Firms have been urged to clamp down on “greenwashing” suppliers that are not backing up their public sustainability pledges with concrete action.

Gavin Tollman, The Travel Corporation’s tour brands chief executive; Intrepid Travel chief executive James Thornton; and Hurtigruten Norway chief executive Hedda Felin all called for suppliers to work collaboratively to achieve green goals at Travel Weekly’s Sustainability Summit last week.

But Tollman went one step further, saying suppliers who were “not part of the solution” should be “called out” because “they have a choice to either change or not change”.

He said: “Whether it is beholden or not, we should just call people out. We should all be collaborating towards the greater good. We should push out those that are not part of the journey by calling them out.

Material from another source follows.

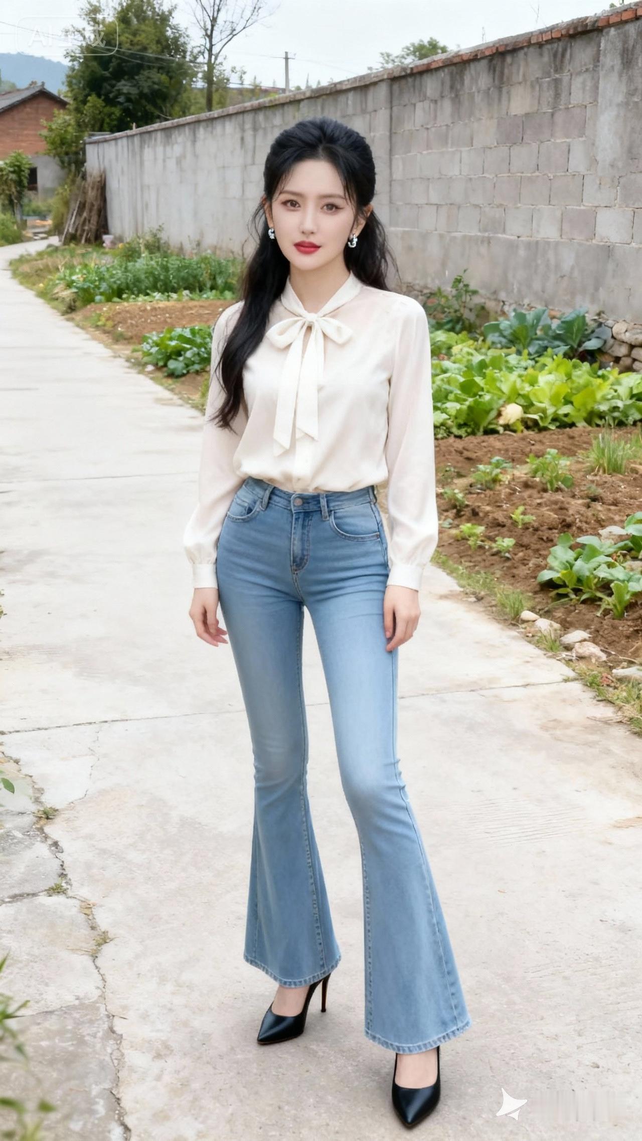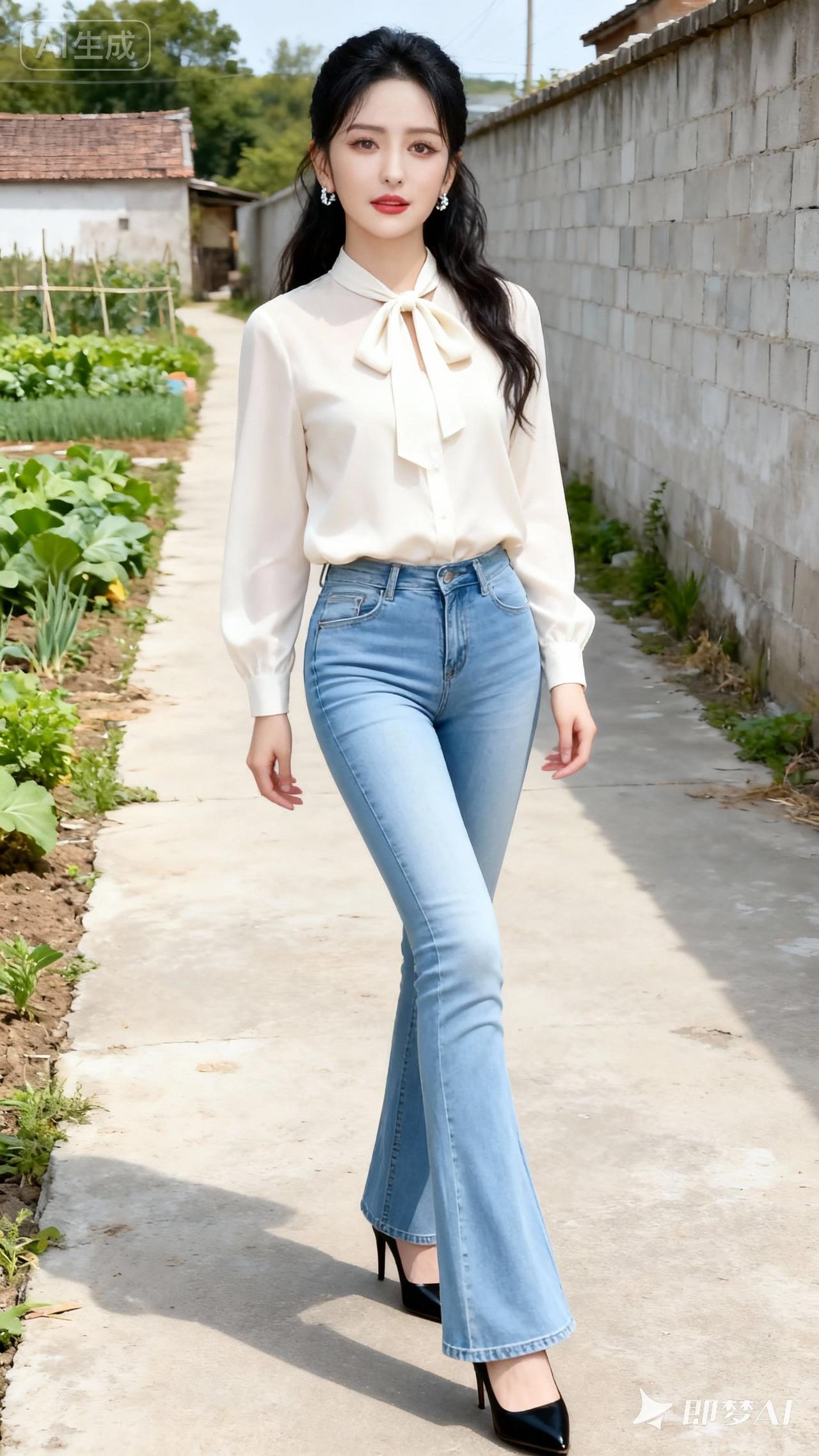 清新田园风穿搭,白色衬衫+牛仔裤,轻松自然,尽显青春活力!🌿👗👠

“We’ll be fine as long as everyone is aligned on what the end goal is. The only one thing at TTC that we’re adamant about is greenwashing.

“If we find suppliers who are saying it but not doing it, we’re taking the decision not to work with them.”

Suppliers, he said, often do not include sustainability in conversations about company’s profits. “So often the conversation is about profits or sustainability and that’s the wrong conversation – it should be about profits and sustainability,” he explained.

“You’ve still got to run a profitable organisation. The key word has got to be ‘and’ not ‘or’.”

Thornton said successful firms which had strong eco-credentials could help bust “the myth” that “sustainability costs money” and admitted it was “widely acknowledged” some travel firms were greenwashing.

“Between 2015 and 2019 we doubled the size of the company,” he explained. “I think that’s because we’re doing some good things in the sustainability space.”

In 2018, Intrepid Travel became the largest travel company in the world to achieve B Corporation status in recognition of its “purpose beyond profitability”.

“The biggest impact you can have as a tour operator is speak to you supply chain,” Thornton said. “If you’re not working hard to decarbonise your supply chain it is very hard to say you making a material difference.”

Felin said “everyone” needed to get on board with sustainability because the travel industry’s reputation was “at stake”.

“The new generation coming through have a lot of passion for sustainability,” she said “It’s a positive circle.”